Why Logen Ninefingers is the greatest character in literature
This post contains spoilers for the Book The Blade Itself, by Joe Abercrombie
Twenty years ago, Joe Abercrombie released The Blade Itself and introduced the world to the greatest character in literature: Logen Ninefingers.
If you had asked me when I first read this book why I was so taken by Logen, I'd have said that it is because he is a psychotic noir barbarian. Logen is the archetypal used-up man of violence, which is just the most satisfying archetype to read about. He is the aging killer who is tired of killing but can't escape his life of violence.
The best musicians have a song you fall in love with. But then you discover more of their work and you find new songs to obsess over.
So it is with Logen Ninefingers.
The reason that Logen is so compelling to me today all these years later is not because he's a terrifying fighter, or that he's the most dangerous man in the North – though he is all of those things.
There is a gap between his internal understanding of himself that we get exposed to through narration and how the rest of the world sees him.
From the first pages of the book, we hear how Logen thinks about himself – he's always courting disaster, he's lucky to be alive, he survives by complete chance. His catchphrase is still alive. And he says that with complete surprise every time to express: damn, I can't believe I made it out of that mess.
The rest of the world, particularly those who know Logen, are completely terrified of him. As one character puts it:
Your life hangs on a thread every moment you stand within two strides of that nothing-looking bastard there.
They don't think of Logen as Logen, but as the Bloody Nine. The Bloody Nine is impossible to defeat, he's a complete psychopath, he's the toughest warrior in the North.
To touch the bloody nine was to touch death and death plays no favorites and knows no exceptions.
The mere mention of the Bloody Nine can send entire armies running.
One of my favorite motifs of the extended First Law universe is that various characters in the secondary books will be in terrifying, can't win situations. And they often will think, well this is really bad, but it's not even close to as bad as when I saw the Bloody Nine do –
For many characters who get into precarious situations, the way they gird their courage is to recall some dread deed they witnessed the Bloody Nine exact in the past. If they survived that ordeal, they can survive anything.

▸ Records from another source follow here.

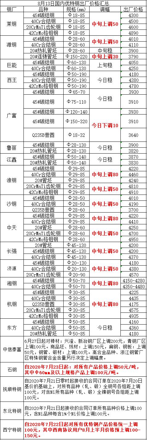 8月13日国内优特钢出厂价格汇总(部分下调10)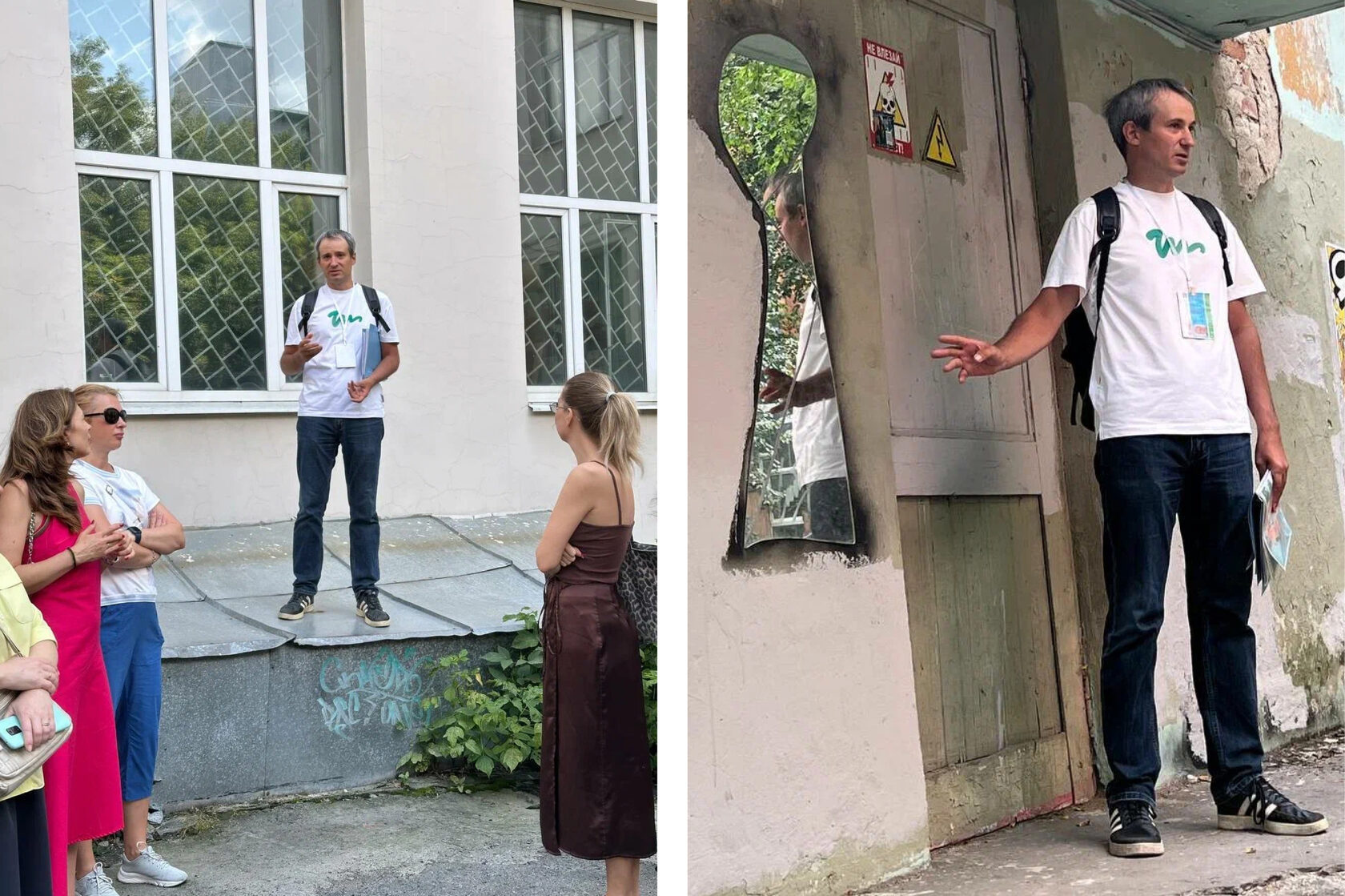 Автор телеграм-канала StreetArtEKB Александр Чудинов проводит пешеходные экскурсии по уличному искусству Екатеринбурга. Александр сам разрабатывает маршруты и делится тем, как на поверхностях стрит-арт художники доносят до горожан свои послания.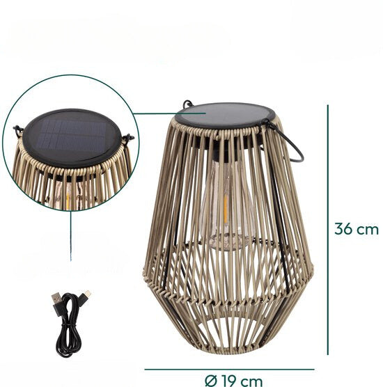 - 1 x Solaris Zonne-energie Rattan Tafellamp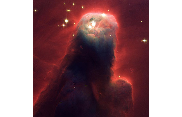 Sebuah gas raksasa dan pilar debu di Nebula Trifid, dijelaskan dengan sebuah pilar kecil menunjuk ke atas dan sebuah jet aneh mengarah ke kiri.
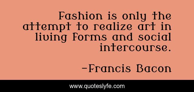 This page presents the quote "Fashion is only the attempt to realize art in living forms and social intercourse.". Author of this quote is Francis Bacon. This quote is about living, fashion, realize,.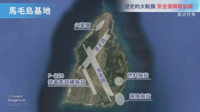 2本の滑走路や埠頭、台湾有事を見据えて“継戦能力”を高める大規模な火薬庫や燃料施設が建設される。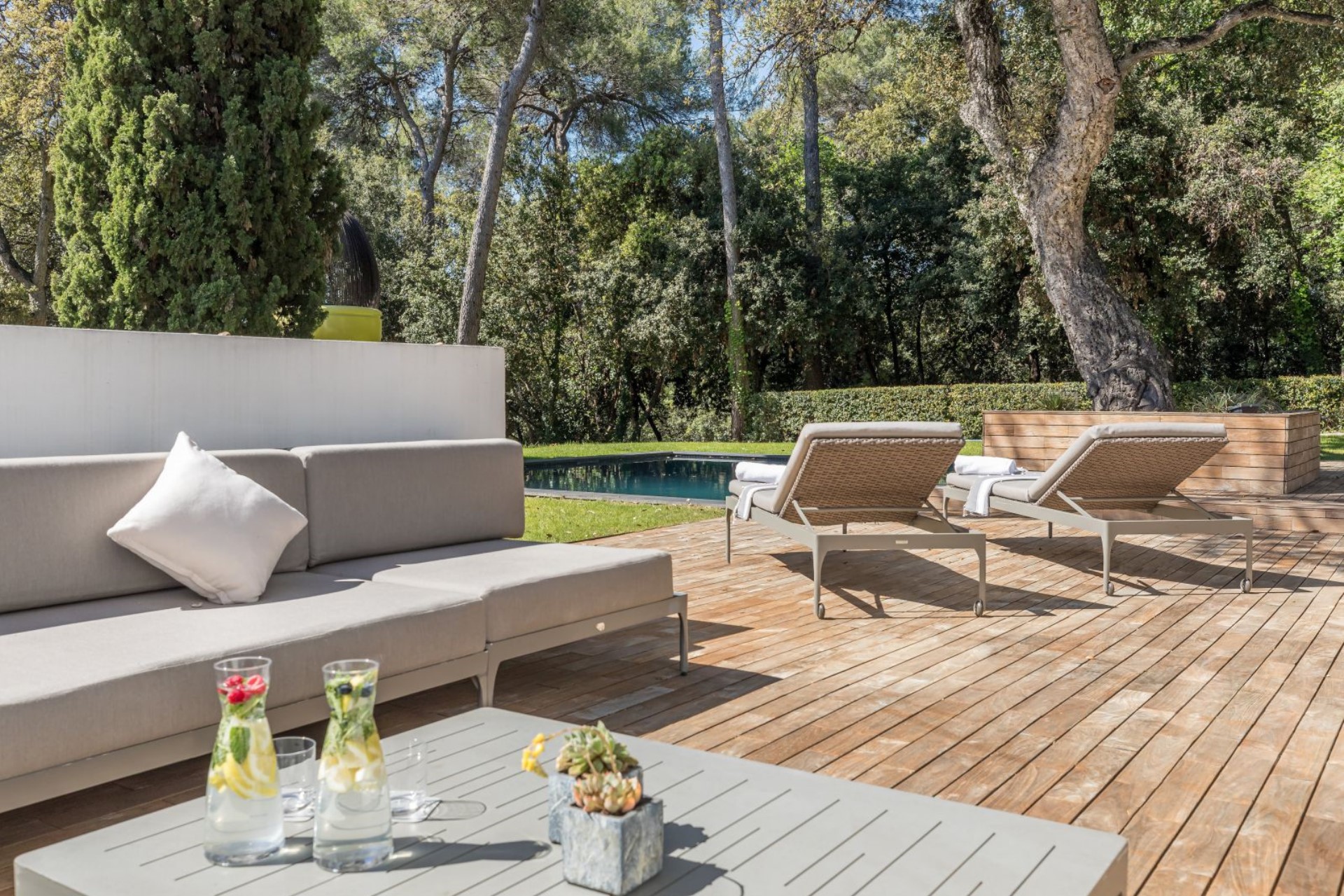With its three separate villas, vast outdoor living spaces, and serene surroundings, Domaine des Artistes is the ideal location for a luxurious getaway with loved ones on the beautiful French Riviera.

Logen thinks he is a lucky idiot.
Everyone else thinks he is death itself.
I think this discrepancy is what really draws me to Logen now. I relate to it deeply. Obviously I'm not a warrior, but I think there is a dichotomy between how I see myself and how others perceive me.
I often think I'm incompetent, that I don't know what I'm doing, that I'm not bringing any value. And then I get evidence, over and over, that the people around me don't see me that way at all.
I'm working on noticing the times where I think of myself as a lucky idiot or worse and then get evidence that others might not perceive it the same way. Maybe it's a meeting I feel underprepared for, but actually goes really well. Maybe it's a question I don't immediately know the answer to, but then figure out.
Logen's whole story is about the two pictures of himself colliding. If it was just the Bloody Nine it would not be the greatest character of all time.
And while I'm not a used up man of violence, I'm still alive.